Unregulated selling lessons from Nairobi Women’s Hospital

Running a business as a sales team is a recipe for disaster. FILE PHOTO | NMG

What you need to know:

  • Selling a product calls for a narrow, short-term, specialist view.
  • Leading a business calls for a broader, long-term, ‘generalist’ view.
  • As enticing as it may seem, no company can survive on unfettered selling.

What does Nairobi Women’s Hospital (NWH) have in common with Wells Fargo and Microsoft in the United States? Proof that when you run a business like an unregulated sales team, you are brewing a recipe for disaster. The ongoing serialisation in the Sunday Nation about the scandal at NWH, says that the institution focused more on meeting the set revenue targets by incentivising clinical officers (through paying commissions for prescribing unwarranted admissions and delayed discharges), than addressing patient healthcare needs.

And the revenue, commissions, admissions and discharge numbers were (admirably, from a sales perspective) being actively monitored hourly, every day, day and night by none other than the chief executive officer (CEO) himself!

This is reminiscent of the Wells Fargo scandal. For five years until 2016, the American 160-plus year old bank fraudulently opened two million accounts through ‘cross-selling’ to its existing customers. And why? To meet impossible sales targets, intended to purposely inflate the bank’s share value and therefore executive bonuses. And all this happened with the blessings of the board and executive. Those who didn’t ‘shape up’ were ‘shipped out’.

In November 2016, we wrote here about it saying, “Because all the greedy bank wanted was accounts, irrespective of where they came from, the salespeople went into survival mode. Forging customer signatures, they proceeded to open two million accounts and put them down as ‘cross-sells’.”

In February of 2014, we wrote right here that, turning sales people into CEO’s might not help firms. This was after Steve Ballmer was replaced by Satya Nadella as Microsoft’s CEO. Business analysts and the several media have described Ballmer as: “The worst CEO of all time for a Fortune 500 company. During his time, Microsoft’s share value dropped by half.It went up by eight percent on news of his retirement. And yet, that Ballmer was a successful salesperson is not in question.(As Executive Vice President Sales and Support) Ballmer’s aggressive salesmanship during the boom days of the personal-computer industry exemplified how Microsoft became the world’s most valuable company.
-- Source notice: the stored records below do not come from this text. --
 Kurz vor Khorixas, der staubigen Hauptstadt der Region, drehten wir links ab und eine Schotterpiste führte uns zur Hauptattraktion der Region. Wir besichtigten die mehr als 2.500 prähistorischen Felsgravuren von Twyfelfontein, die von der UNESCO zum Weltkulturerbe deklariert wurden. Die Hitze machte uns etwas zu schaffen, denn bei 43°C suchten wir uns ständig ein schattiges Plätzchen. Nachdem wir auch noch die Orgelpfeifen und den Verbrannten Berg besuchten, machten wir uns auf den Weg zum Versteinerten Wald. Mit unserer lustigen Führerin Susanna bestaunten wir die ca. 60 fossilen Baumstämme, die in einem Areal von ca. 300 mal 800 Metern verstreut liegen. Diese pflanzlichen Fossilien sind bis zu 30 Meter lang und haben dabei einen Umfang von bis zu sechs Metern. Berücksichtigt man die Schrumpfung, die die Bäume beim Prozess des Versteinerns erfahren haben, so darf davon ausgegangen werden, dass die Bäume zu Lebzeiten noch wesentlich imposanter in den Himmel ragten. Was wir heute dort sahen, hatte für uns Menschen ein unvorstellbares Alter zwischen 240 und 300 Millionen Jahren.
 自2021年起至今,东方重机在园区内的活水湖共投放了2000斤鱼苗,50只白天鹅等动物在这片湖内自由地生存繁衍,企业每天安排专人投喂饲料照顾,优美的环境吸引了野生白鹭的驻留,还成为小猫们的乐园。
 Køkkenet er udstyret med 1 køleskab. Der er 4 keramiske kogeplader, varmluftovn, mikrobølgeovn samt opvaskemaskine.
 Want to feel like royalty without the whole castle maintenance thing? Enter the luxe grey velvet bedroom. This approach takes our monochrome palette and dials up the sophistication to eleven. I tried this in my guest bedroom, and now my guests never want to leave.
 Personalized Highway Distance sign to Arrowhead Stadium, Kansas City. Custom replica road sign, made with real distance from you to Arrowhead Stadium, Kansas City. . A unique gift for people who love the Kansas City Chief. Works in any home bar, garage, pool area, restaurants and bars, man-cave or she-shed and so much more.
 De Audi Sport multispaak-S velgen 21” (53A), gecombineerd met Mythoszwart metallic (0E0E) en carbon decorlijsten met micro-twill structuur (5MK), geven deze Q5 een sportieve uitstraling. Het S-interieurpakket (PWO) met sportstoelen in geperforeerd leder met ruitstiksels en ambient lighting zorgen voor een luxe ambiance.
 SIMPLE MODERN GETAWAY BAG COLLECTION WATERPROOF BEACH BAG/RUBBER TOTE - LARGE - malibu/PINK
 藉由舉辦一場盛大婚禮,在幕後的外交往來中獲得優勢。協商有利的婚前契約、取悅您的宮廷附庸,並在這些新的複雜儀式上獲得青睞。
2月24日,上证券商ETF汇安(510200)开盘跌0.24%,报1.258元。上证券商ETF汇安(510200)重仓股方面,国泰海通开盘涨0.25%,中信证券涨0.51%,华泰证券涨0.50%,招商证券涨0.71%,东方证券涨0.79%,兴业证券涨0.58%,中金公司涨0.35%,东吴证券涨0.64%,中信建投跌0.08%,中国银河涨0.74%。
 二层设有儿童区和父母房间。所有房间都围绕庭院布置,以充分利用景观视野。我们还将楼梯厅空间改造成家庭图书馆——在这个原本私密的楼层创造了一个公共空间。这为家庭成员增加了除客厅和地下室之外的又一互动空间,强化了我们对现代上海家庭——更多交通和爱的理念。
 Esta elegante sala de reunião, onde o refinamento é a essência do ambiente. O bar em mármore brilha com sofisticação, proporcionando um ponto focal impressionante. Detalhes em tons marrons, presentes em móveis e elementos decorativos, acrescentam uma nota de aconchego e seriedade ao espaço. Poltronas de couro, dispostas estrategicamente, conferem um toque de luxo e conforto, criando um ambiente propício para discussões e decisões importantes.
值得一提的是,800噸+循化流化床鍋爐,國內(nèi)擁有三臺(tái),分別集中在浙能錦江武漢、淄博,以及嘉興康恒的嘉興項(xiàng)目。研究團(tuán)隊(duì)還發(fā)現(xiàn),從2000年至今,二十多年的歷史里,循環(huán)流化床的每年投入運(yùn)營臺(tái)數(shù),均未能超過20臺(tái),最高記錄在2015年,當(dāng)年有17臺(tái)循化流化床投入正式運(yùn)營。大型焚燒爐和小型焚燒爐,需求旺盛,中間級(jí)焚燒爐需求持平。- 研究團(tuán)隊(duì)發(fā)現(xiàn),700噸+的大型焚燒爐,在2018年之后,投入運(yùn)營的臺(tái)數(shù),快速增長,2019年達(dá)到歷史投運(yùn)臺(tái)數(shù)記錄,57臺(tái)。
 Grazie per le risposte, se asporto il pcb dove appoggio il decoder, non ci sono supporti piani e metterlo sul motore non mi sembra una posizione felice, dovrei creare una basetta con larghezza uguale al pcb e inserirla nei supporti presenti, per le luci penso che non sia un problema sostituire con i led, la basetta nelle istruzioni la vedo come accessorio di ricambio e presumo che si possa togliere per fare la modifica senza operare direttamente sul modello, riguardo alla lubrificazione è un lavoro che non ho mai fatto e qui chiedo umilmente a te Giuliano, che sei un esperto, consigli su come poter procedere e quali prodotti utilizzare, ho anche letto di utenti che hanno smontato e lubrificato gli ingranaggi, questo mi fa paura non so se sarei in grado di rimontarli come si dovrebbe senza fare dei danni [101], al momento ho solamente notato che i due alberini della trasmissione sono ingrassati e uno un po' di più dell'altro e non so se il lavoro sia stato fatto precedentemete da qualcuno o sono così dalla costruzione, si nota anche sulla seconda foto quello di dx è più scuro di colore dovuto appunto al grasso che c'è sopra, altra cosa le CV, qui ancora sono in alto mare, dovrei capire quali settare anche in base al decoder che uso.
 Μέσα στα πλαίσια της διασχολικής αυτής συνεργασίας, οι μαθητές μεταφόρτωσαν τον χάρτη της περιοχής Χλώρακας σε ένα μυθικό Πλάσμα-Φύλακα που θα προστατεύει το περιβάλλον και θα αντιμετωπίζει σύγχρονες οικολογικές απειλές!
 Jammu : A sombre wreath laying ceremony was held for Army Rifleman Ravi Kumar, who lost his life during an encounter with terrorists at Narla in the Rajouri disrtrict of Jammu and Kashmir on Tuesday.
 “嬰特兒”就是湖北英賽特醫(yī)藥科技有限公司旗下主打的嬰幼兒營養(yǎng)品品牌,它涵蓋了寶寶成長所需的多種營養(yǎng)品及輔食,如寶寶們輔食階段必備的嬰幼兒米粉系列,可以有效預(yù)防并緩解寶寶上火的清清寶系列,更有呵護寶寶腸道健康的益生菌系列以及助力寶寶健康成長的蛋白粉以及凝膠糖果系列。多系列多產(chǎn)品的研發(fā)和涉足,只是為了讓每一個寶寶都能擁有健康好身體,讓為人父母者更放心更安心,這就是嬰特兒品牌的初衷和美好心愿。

He also built one of the world’s most profitable and efficient sales and channel organisations.” So what was the problem? “Steve Ballmer was regarded more as a salesman and cheerleader than a visionary. Microsoft’s employee base never really bought into Ballmer and whatever vision he had for the business; like many salespeople, he was seen as a bit too short-sighted.”

Clearly running a business as a sales team is a recipe for disaster. And yet paradoxically, the success of both is measured by sales made. Alas! Sales may be the lifeline of a business, but it is not the business. Businesses, even those being fattened for sale like Nairobi Women’s Hospital cannot focus purely on sales to grow. Selling a product calls for a narrow, short-term, specialist view. Leading a business calls for a broader, long-term, ‘generalist’ view. As enticing as it may seem, no company can survive on unfettered selling.